Treatments for cluster headaches
Cluster headaches aren't life threatening, but they can cause severe pain and significantly affect your quality of life.
Over-the-counter painkillers, such as paracetamol, aren't effective for cluster headaches because they're too slow to take effect. Instead, you'll need to have one or more specialist treatments.
Three main treatments are available to relieve pain when taken soon after a cluster headache starts. These are:
- sumatriptan injections – which you can give yourself up to twice a day
- sumatriptan or zolmitriptan nasal spray – which can be used if you don't want to have injections
- oxygen therapy – where you breathe pure oxygen through a face mask
These treatments usually relieve the pain of a cluster headache within 15-30 minutes.

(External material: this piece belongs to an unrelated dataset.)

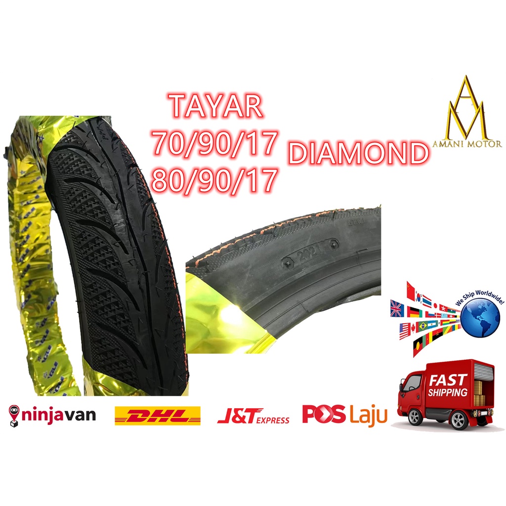 Promotion Tayar Paling Murah 70 90 17 80 90 17 Tayar Motor Tubeless Bunga Diamond Tajam Tt Saiz 17 Motorcycle Tyre Lazada

The Organisation for the Understanding of Cluster Headache (OUCH UK) has more information about the medications used to treat cluster headaches.
Transcutaneous vagus nerve stimulation
Transcutaneous vagus nerve stimulation (TVNS) is a new treatment that uses low-voltage electrical currents to stimulate a nerve in the neck. The aim is to relieve pain and reduce the number of cluster headaches.
You place a small handheld device (about the size of a mobile phone) on the side of your neck. Your specialist will show you exactly where.
Gradually increase the strength of the electrical current until you can feel small muscle contractions under your skin. Hold the device in position for about 90 seconds.
TVNS can be used to treat cluster headaches when they occur, and it can also be used between attacks to try to prevent them occurring. But it may not help everyone with cluster headaches.
For more information, read the National Institute for Health and Care Excellence (NICE) guidance about transcutaneous vagus nerve stimulation.
Stimulation device implantation
If you've had cluster headaches for a long time and other treatments haven't worked, surgery to implant a stimulation device may be recommended.
Under general anaesthetic, a small electrical device is implanted in a cavity in the side of your face. It emits electrical currents which stimulate an area of the parasympathetic nervous system thought to be associated with cluster headaches.
When you get a headache, you activate the device (up to a pre-determined maximum dose) by placing a handheld unit on your cheek over the place where the device is located.
As with TVNS, the aim of treatment is to relieve pain and reduce the frequency of cluster headache attacks.
NICE have recommended that the treatment is safe for short-term use (up to two months) under close specialist supervision.